The Igloo, the Geodome, the Enclosure: The future of winter dining


GVL / Jonathan Eloi Lantiegne

Mary Dupuis

Though it is now lifted, the most recent Executive Order had prohibited any restaurants from allowing indoor dining. In order to stay afloat, restaurants were forced to turn to their only other option: the great outdoors. 

With no thanks to West Michigan’s icy, frigid winters, outdoor eating has remained a nearly impossible feat — until now. 

Spreading like wildfire across Grand Rapids, Allendale and all of Michigan, igloos, like the ones recently installed on Grand Valley State University’s campus, have allowed restaurants to stay up and running despite COVID-19 restrictions. 

One of the first businesses to discover the glory of the heated igloo has been Outside Coffee Co. in Grand Rapids. As their business takes place solely outdoors, they began using these outdoor domes three years ago to keep their customers nice and warm while enjoying their coffee. 

Shahad Alzaidan, the Community Manager of Woosah Outfitters and Outside Coffee Co., said they were presented with the idea when a customer mentioned the geodomes to the owner, Erica Lang. 

“We did some research and the rest is history,” Alzaidan said. “It’s been wild to see them popping up all over the place now due to COVID-19 restrictions.

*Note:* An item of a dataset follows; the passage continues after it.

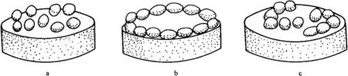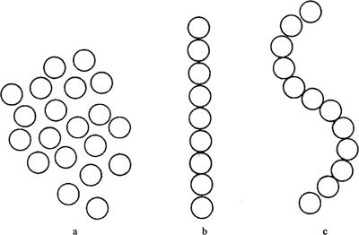 图2-5-3 蛋糕立体布局 我们选用〇的符号来代替我们常用的鲜花或其他装饰物。 a、b、c是用〇形组合的三个图案。我们将它们加以比较。 a是无意识的组合,画面散乱,没有秩序,缺乏联想的暗示。 b竖直的线形组合,虽挺直有秩序但没有活力的想像。 c给人运动的律动感,使人能想像出许多的生命形态。 当物体或实物没有相互组合在一起时,散乱的状态是没有多少意义和感染力的。然而当我们通过思考有序地将物体组织在一起时,从视觉上我们便可以感受出表现力的语言暗示。这种思考就是构图。构图是如何表达语言的方法。我们如何把奶油花、花边等许多饰物放在想要装饰的蛋糕上呢?我们就要学习构图,为饰物找到它在蛋糕上最适合的位置。 我们还用〇形来代表奶油花之类的装饰物。用〇形来布局蛋糕,有三种情况,如图2-5-4a,把〇随随便便地摆在蛋糕上。图中b把〇组成了花边,但中央部分却空空的不完整。图中c是有构图能力,用〇组成了一个S形,创作出一种具有运动的韵律感。

But, for us, our story is a little different as it was something we did for the nature of our business being an outdoor coffee shop.”

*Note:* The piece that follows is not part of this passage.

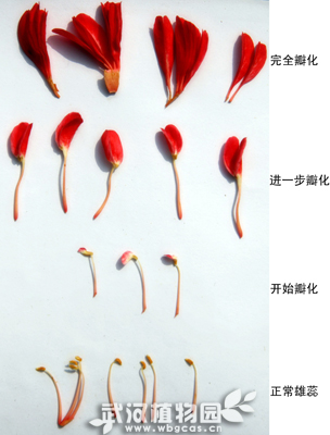 图2 山茶花花蕊瓣化的过程(以雄蕊为例)

While they may have been two steps ahead, other restaurants have been quick to follow. 

David Kortman, the Fronthouse Manager of Main St. Pub in Allendale, said they had ordered the domes and space heaters for them before they even knew the restaurant was required to shut down for a second time because they noticed how much of a trend it had become — and it paid off. 

“The igloos really kept our business at a much higher level than we expected for COVID,” Kortman said. “There was zero indoor or outdoor dining the first time we shut down. So, it helped quite a bit.”

For Royals Café in Grand Rapids, outdoor eating is all they have ever known. 

Stephanie Weesies, General Manager of Royals Cafe, said ​they had spent the fall and winter of 2019 designing their space and making plans for their brand new restaurant. After some setbacks, they were able to open their doors to the public on March 16, 2020. 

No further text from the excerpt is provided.